By Thomas Arnett

Most teachers enter their profession because they want to help young people succeed. But in today’s classrooms, especially those in disadvantaged communities, helping students is no small feat.

Teachers who make a difference in their students’ lives do more than just plan and deliver excellent classroom learning experiences. They call parents, make home visits, provide after-school tutoring, design custom learning activities and develop strong personal relationships with their students.

Society reveres teachers who go this extra mile. But most teachers struggle with having the kind of impact they want to have while still living balanced, well-rounded lives. Fortunately, emerging innovations can empower teachers to make a greater difference in a more sustainable way.

With the help of new software and new instructional models, schools are expanding the frontier of teacher impact. By way of analogy, consider how computer technology vastly expanded the capabilities of expert animators. With digital animation tools, animators can create films with color pallets, textures, movements and 3D realism that were practically impossible to produce in the days of hand-drawn animated films.

As animation technologies substitute for humans in performing laborious rules-based tasks, they allow expert animators and artists to focus their time and creativity on tasks that cannot be automated—such as imbuing characters with persona-forming appearances, movements, and gestures, designing settings with mesmerizing textures and lighting and crafting story arcs and dialogue that captivate audiences.

For example, starting in the 1980s and early 1990s, Disney and Pixar began using Pixar’s proprietary Computer Animation Production System (CAPS) to automate many advanced animation effects. Prior to digital animation, most of the camera angle shifts in animated films involved zooming in and out or shifting up and down or side to side. Films rarely included sequences with rotating camera angles because figuring out how the elements of a drawing should shift as the camera angle turned was an extremely complex, labor-intensive, and costly process.

To create a scene for the 1953 Disney film Peter Pan—in which the camera angle rotates around the mainmast of Captain Hook’s ship as it follows Peter Pan’s duel with Hook—scene planners had to calculate painstakingly the frame-by-frame shifts in the drawings using slide rules. In contrast, Disney’s 1991 film Beauty and the Beast famously showcased the power of digital animation technology in a sweeping scene in which the camera rotates around Belle and the Beast as they dance in a sprawling ballroom.

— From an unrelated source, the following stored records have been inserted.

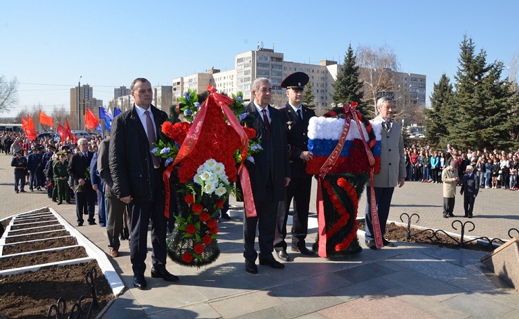 Праздничный день в Оренбурге начался с возложения цветов в памятных местах, связанных с именем первого космонавта. Старт торжественным мероприятиям был дан в сквере имени Ю.А. Гагарина, где находится памятник покорителя космоса. Пришедших почтить память знаменитого земляка оренбуржцев приветствовали врио губернатора Оренбургской области Денис Паслер, глава города Оренбурга Дмитрий Кулагин и однокурсник Юрия Гагарина по авиационному училищу подполковник запаса Анатолий Быков.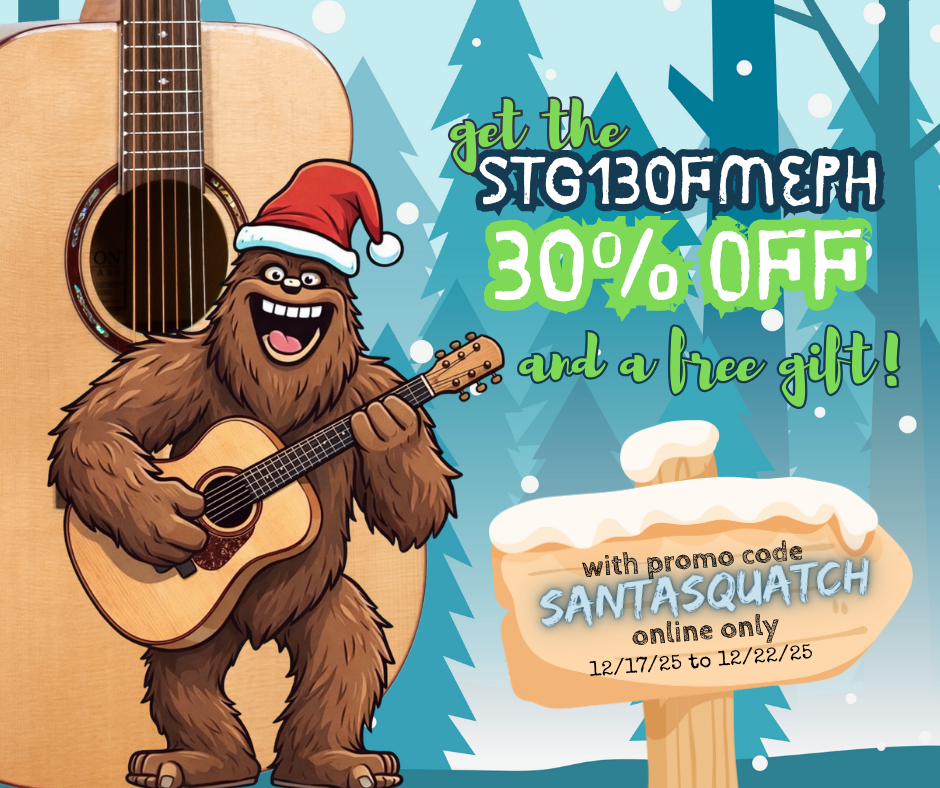 With the holidays fast approaching, treat yourself with 30% off our Grand Concert 130 series guitar which has a solid spruce top, flame maple back and sides, and purple heart binding. Plus we'll also include a FREE GIFT and FREE SHIPPING!
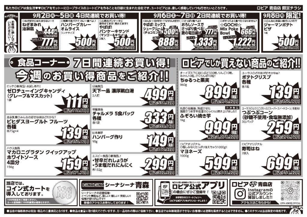 ロピア青森店の『最新チラシ』2025年9月2日(火)~2025年9月8日(月)を紹介いたします。

The history of animation illustrates a pattern that holds true for teaching as well: as software automates some aspects of teacher expertise, teachers can do more with the limited time they have. Teachers also benefit from a new array of tools that help them gather, analyze and act on real-time data about student learning, thereby expanding their ability to provide excellent instruction.

In schools of the future, teachers will always be an indispensable part of high-quality education because machines cannot replicate the most important things that teachers do. But with the help of performance-augmenting technologies, teachers will have an unprecedented ability to impact their students’ lives for the better.

As the world moves rapidly toward a future where nearly every aspect of work and life will be enhanced by pervasive computing, artificial intelligence is changing what students need to know and be able to do in order to find their place in the world. In this future, one of the most important gifts we can give students is the confidence and ability to thrive in a novel and complex world transformed by artificial intelligence. Fortunately, innovations that automate some elements of teacher expertise also supply the tools needed to augment teacher impact.